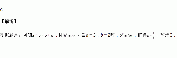 如果a=3,b=2,且b是a和c的比例中项,那么c=( )
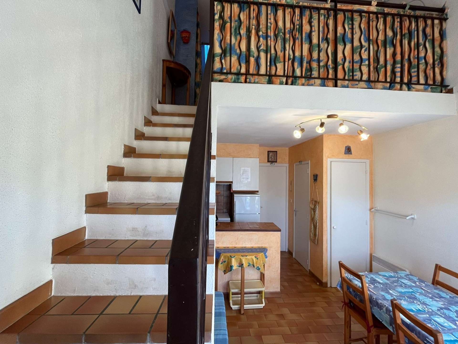 Un séjour avec une cuisine, une chambre, une chambre en mezzanine, une salle d'eau avec un WC, un WC indépendant et une terrasse non close.
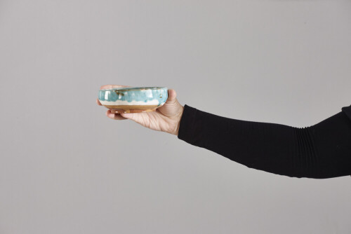 A woman in black abaya holding different pottery essentials in different positions
● ● ● ● ● ● ●
**Exercise**
All text in the material above must be written out exactly; the images are to be skipped.

**Task output**
 如果a=3,b=2,且b是a和c的比例中项,那么c=( )
 Un séjour avec une cuisine, une chambre, une chambre en mezzanine, une salle d'eau avec un WC, un WC indépendant et une terrasse non close.
 A woman in black abaya holding different pottery essentials in different positions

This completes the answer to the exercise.